The cop has been suspended without pay. If I’m the chief of police, I fire his emotionally unqualified ass forthwith.

Anyway, the shooter claims he and Martin had a scuffle. Let’s assume that’s true. Should we be able to pump lead into people whenever we find ourselves in a fight? Especially when we’ve been trailing them in the dark?

See, these are the chickens that come home to roost when you’re a nation in love with guns.

FRANKFURT LOVIN’

The German city of Frankfurt has a new mayor. Peter Feldmann, a Social Democrat, takes over the fifth largest city in Germany on July 1st.

Feldmann beat the Christian Democrat candidate with 57 percent of the vote.

Feldmann is a Jew.

Man.

Feldmann

It’s ironic. I’d just watched the movie “Downfall” (originally “Der Untergang“) the other day. It’s a German production with English subtitles. You can get it on Netflix.

The movie recounts the last 12 days of the Nazi regime and is set primarily in Hitler’s underground bunker. It’s as powerful a piece as you’re likely to see. Much of the story is based on the recollections of Hitler’s stenographer, Traudl Junge.

The actual Junge opens the film by saying, essentially, How should I have known what those guys were doing? I was just a kid.

Junge

The movie’s coda carries a different tune. I won’t spoil it for you by telegraphing it here.

Anyway, Hitler’s surviving boys always said Yeah, we screwed up but at least we did something about those pesky Jews.

In the movie, Hitler doesn’t allow the possibility that he screwed up but he seems most proud of the fact that he stood tall against the Jews.

Bruno Ganz As Adolf Hitler

A few people who were forced onto cattle cars and shipped off to concentration camps are still alive to this day. Most of them wore the mandated Star of David.
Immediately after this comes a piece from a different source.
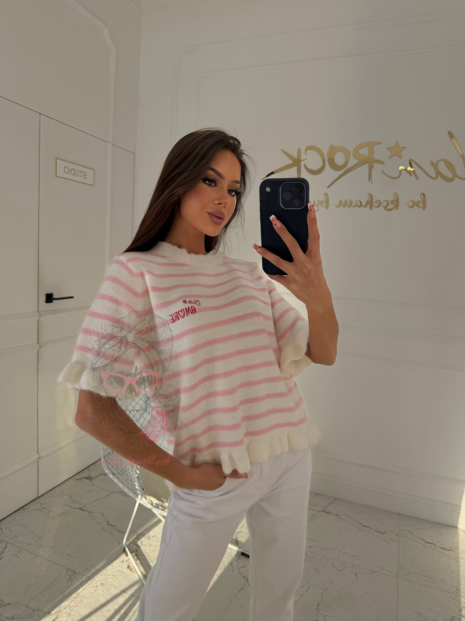 Po lewej stronie znajduje się haftowany napis „ciao amore”, który nadaje sweterkowi włoskiego klimatu i dziewczęcej lekkości. To drobny element, ale właśnie on sprawia, że model wyróżnia się i przyciąga spojrzenia.

It’s been only 75 years since the end of the Holocaust. And, yeah, anti-Semitism now and again makes a reappearance in Europe.

But Frankfurt has a Jewish mayor.

I thought you might appreciate some good news.

MIES LOVIN’

Didja catch today’s Google Doodle?

March 27th is Ludwig Mies van der Rohe‘s birthday so Google put up a stylized image of one of the architect’s most notable designs. It’s Crown Hall at the Illinois Institute of Technology‘s campus on the South Side of Chicago.

Crown Hall

Mies, as he’s known familiarly, was perhaps the key figure in 20th Century world architecture. The simplicity of his work was stunning. His famed aphorism, “Less is More,” was the imprimatur for a generation of architects who filled the world’s big cities with box-like, prismatic skyscrapers.

Mies’s 860-880 North Lake Shore Drive Apartments (1951)

Whereas Mies’s boxes were elegant and visually arresting, the slew of copycats who followed him turned his minimalism into a stultifying conformity.

Michael Wolf’s Photo, “tc 81”

See? Jumping on a bandwagon rarely turns out well.

LOVIN’ YOU

Here’s another reason I love doing this blog. Minnie Riperton‘s song “Lovin’ You” seemed a perfect wrap up for the series of headlines above. So, in the course of researching Riperton, I discovered Maya Rudolph, ex of Saturday Night Live, is her daughter.

That might be common knowledge but now I know.

Cool, huh? Now, an admission — this song really gets on my nerves.

2 thoughts on “The Pencil Today:

  1. Candy says:

    Imagine “Lovin’ You” as June and Ward Cleaver’s wedding song.

    Who knows why I think of these things…

  2. John Bergman says:

    There’s also a documentary about Traudl called “Hitler’s Secretary,” which goes into more depth and is worth watching. It’s not a simple story, and she didn’t have to come forward with it.

    Will someday share my own “Jews in Frankfurt” story from when I was there in 2000. I was surprised to meet one.

    How does Minnie Ripperton fit in here? I mean, Arendt, Zimmerman, Feldmann, Junge, Hitler/Ganz, Mies — it’s all German down to her. You’re right, though. Great, great song, though it gets on my nerves.